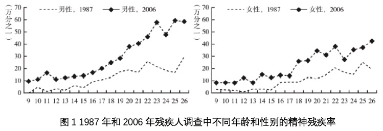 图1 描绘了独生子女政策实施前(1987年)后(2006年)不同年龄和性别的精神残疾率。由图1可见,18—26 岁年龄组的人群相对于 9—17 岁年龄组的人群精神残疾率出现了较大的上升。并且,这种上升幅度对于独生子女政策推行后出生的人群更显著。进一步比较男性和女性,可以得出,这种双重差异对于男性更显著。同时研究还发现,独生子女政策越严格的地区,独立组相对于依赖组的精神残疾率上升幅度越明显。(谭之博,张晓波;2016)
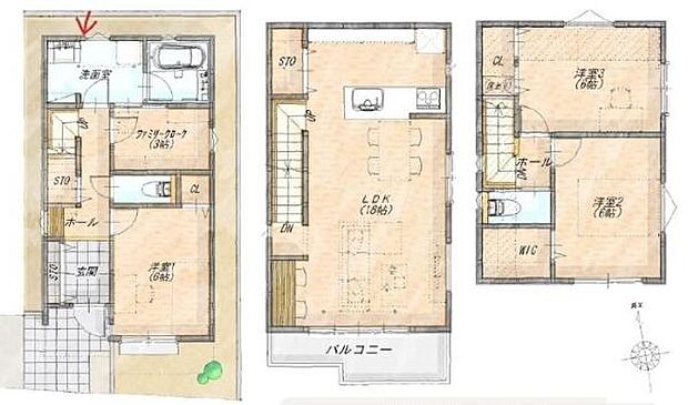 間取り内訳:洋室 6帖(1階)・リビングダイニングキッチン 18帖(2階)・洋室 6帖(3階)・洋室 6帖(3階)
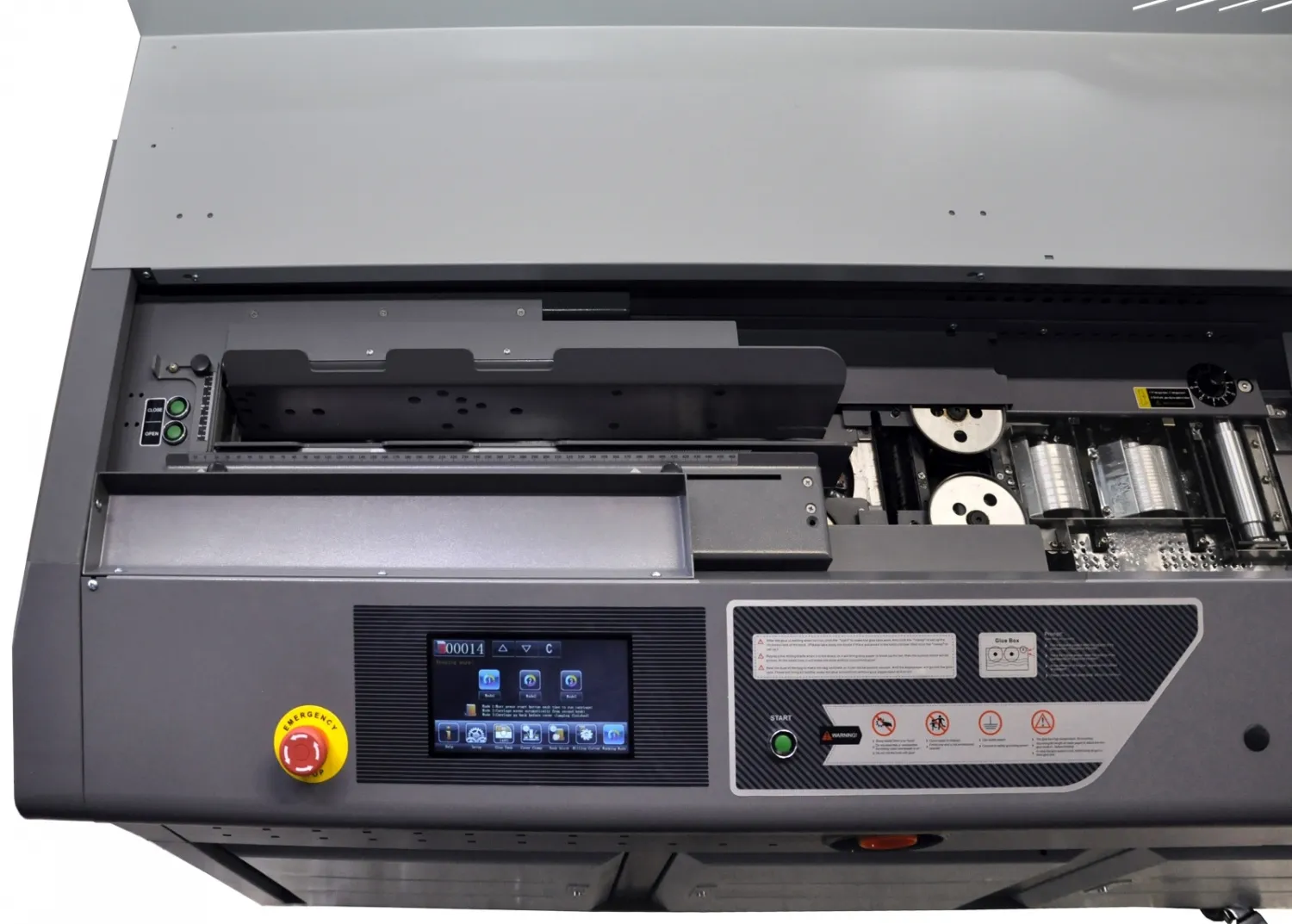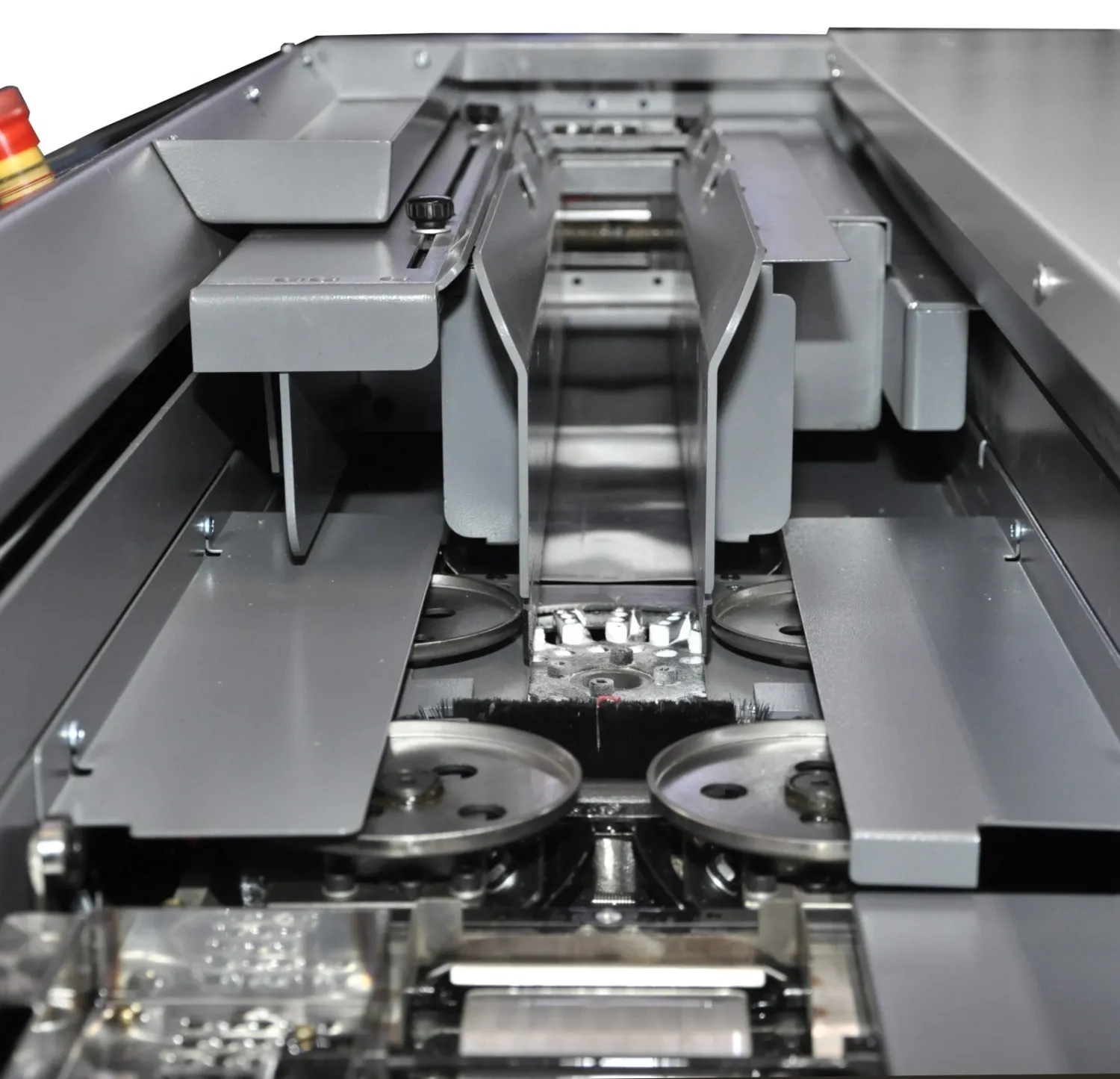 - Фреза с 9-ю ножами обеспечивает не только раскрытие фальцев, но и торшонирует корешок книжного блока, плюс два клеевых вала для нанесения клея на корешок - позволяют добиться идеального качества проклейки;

EXERCISE AIM:
In transcribing the material above, reproduce each line exactly and include none of the pictures.

ANSWER BOX:
 图1 描绘了独生子女政策实施前(1987年)后(2006年)不同年龄和性别的精神残疾率。由图1可见,18—26 岁年龄组的人群相对于 9—17 岁年龄组的人群精神残疾率出现了较大的上升。并且,这种上升幅度对于独生子女政策推行后出生的人群更显著。进一步比较男性和女性,可以得出,这种双重差异对于男性更显著。同时研究还发现,独生子女政策越严格的地区,独立组相对于依赖组的精神残疾率上升幅度越明显。(谭之博,张晓波;2016)
 間取り内訳:洋室 6帖(1階)・リビングダイニングキッチン 18帖(2階)・洋室 6帖(3階)・洋室 6帖(3階)
 - Фреза с 9-ю ножами обеспечивает не только раскрытие фальцев, но и торшонирует корешок книжного блока, плюс два клеевых вала для нанесения клея на корешок - позволяют добиться идеального качества проклейки;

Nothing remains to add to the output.